2. Description of the Related Art
An internal resistance as one of internal impedances of a secondary battery (or a storage battery) mounted on a motor vehicle is a well-known important parameter in order to judge a deterioration state of and a charge state of the secondary battery, For example, using an internal resistance as an input parameter into a Neural network simulator capable of performing a state of charge (SOC) calculation can detect a SOC of the secondary battery with high accuracy.
Related art techniques calculate such an internal resistance of a secondary battery based on an inclination of a regression line obtained using a current-voltage (I-V) characteristic of the secondary battery. For example, Japanese patent laid open publication No. JP 2002-343444 and No. JP 2005-146939 have disclosed such a method of calculating an internal resistance of a secondary battery based on an inclination of a regression line.
However, because the I-V characteristic of a secondary battery such as a lead storage battery is much changed and a polarization state of the secondary battery is thereby largely varied, it is difficult to obtain the internal resistance based on the I-V characteristic of the secondary battery for a motor vehicle with high accuracy. In order to solve such a drawback, there is another related art technique for calculating an internal resistance of a secondary battery with high accuracy using an I-V characteristic measured at an engine start where a change of a large current occurs in a short period of time. This method is referred to as the “internal resistance calculation method at an engine start”.
Such an internal resistance calculation method when a vehicle engine starts is requested to measure a I-V characteristic within a large current range in order to increase the calculation accuracy for the internal resistance of the storage battery.
The internal resistance calculation method further requires a current sensor capable of measuring a large currant within a wide current range with desired high accuracy in order to measure a starting current when a vehicle engine starts within a full detection range such as from −1000 A to −600 A. The current sensor having such a capability is extremely expensive because it guarantees a desired accuracy at any detection point in the full detection range.
Still further, the current sensor having such a function detectable a wide current range is only used when the vehicle engine starts, in other words, is not used in a case other than the vehicle engine start. In addition, because the engine starting current varies from a minimum value to a maximum value for a short period of time, for example, within a short-time range of 1 to 3 msec, it is in general difficult to perform samplings of the engine starting current in a wide range at a high speed with high accuracy.

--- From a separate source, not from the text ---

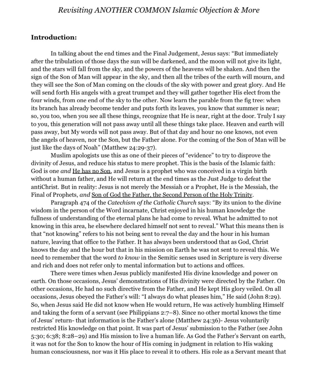 I’m back with another response to Islamic objections to Christianity, along with many others which I go through in this essay: please check it out below! I will be sharing this with my Muslim coworker who talked theology with me a few times before, and the other day brought up this argument to another worker other than myself, so please pray for him to open up his heart to the Gospel and convert! Christ is King! 🙏✝️

In order to solve such a related art problem in views of necessity and economical efficiency, the related arts use a current sensor (or a middle range current sensor) capable of measuring a current within a range of −500 A to +100 A in order to measure an engine cranking current. FIG. 11 shows a current waveform when a vehicle engine starts detected by such a middle range current sensor. As clearly understood from FIG. 11, the middle range current sensor cannot detect a discharge current in a wide current range when a vehicle engine starts.
However, the use of the current-voltage characteristic during a cranking detected by such a middle range current sensor causes a difficulty in detecting an internal resistance of a secondary battery (or a storage battery) with high accuracy because a polarization state of the secondary battery largely affects the detection accuracy of the internal resistance of the secondary battery, as shown in FIG. 12.